Bununla birlikte, özellikle 1990'larda insan haklarını ihlal eden bir ülke olarak algılanmasının önemli nedenleri arasında, 1987'de Avrupa İnsan Hakları Komisyonu'na bireysel başvuru hakkının (1) kabul edilmesi ve takibindeki başvurular, Soğuk Savaş sonrası Sovyetler Birliği'nin dağılması ve Doğu Avrupa'da oluşan yeni düzen sonrası Türkiye'nin stratejik önemini kaybetmesi yer alır (2).

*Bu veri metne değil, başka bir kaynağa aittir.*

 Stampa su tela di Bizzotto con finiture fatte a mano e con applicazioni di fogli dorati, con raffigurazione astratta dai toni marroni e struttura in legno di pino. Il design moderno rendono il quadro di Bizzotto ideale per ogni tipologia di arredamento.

Bireysel başvuru hakkının tanınması, aynı zamanda, hakların sınırlarının devlet tarafından belirlendiği ulusal hukuk kültürünün değişmesini, bireylerin bireyselliklerinin ve buna bağı haklarının farkına varmalarını sağlamıştır. Adaylık sürecinde, AB'nin demokrasi, insan hakları ve adaletten sorumlu siyasi kurumlarının hükümete yaptığı uyarılar, danışmanlıklar ve baskılar da bu bilinçlenmenin etkilerini artırmış ve insan hakları sorunlarının etkin çözümü için, Avrupa Komisyonu ve Avrupa Konseyi temsilcilerinin, kamu ve sivil toplum yetkililerinin ve akademisyenlerin bir araya gelip fikir üretmelerini sağlamıştır.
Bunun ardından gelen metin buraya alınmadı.